Lately, another jewel has been added to his crown: he is also a gifted story-teller.
He has provided an answer to a question that has perplexed historians for a long time: When and how did Adolf Hitler decide to exterminate the Jews?
There was no agreed-upon answer. There were those who thought that it happened already in his youth in Vienna, others guessed that it happened after World War I in Munich, or when he wrote his book Mein Kampf in Landsberg prison in 1924.
Now Bibi has uncovered the circumstances, the exact place and time.
It happened in Berlin, when Adolf Hitler met the Grand Mufti of Jerusalem, Haj Muhammad Amin al-Husseini, on November 28, 1941.
Netanyahu has not condescended to tell us how he arrived at this revolutionary discovery. There is no indication in the official protocol of the Hitler-Husseini meeting which was prepared by the Germans, in their famous exactitude. Nor is it mentioned in the entry of the Mufti himself in his private diary, which was captured by Western intelligence. The two documents are almost identical.
SO WHAT did Netanyahu discover?
According to his story, until the meeting Hitler did not even think about exterminating the Jews, but only about their expulsion from Europe, preferably to Madagascar, then a French colony.
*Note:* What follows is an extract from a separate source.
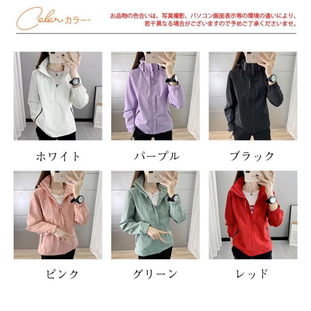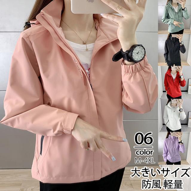 マウンテンパーカー レディース ウィンドブレーカー ブルゾン ジャケット フード付き 防風 軽量 無地 撥水加工 着痩せ 韓国 春

But then came the Mufti and told him something like "if you expel them they will come to Palestine. Better kill them all in Europe."
"What a wonderful idea!" Hitler must have answered, "Why did I not think of that myself?"
A thrilling story. The trouble is that it contains not one word of truth. In the jargon of these Trumpian days, it is "alternative truth." Or, simply put, a complete lie.
Worse, it could not have happened.
Anyone who has a minimal knowledge of the period, of the "spirit of the time" and of the personalities involved, must know that this is an imagined event.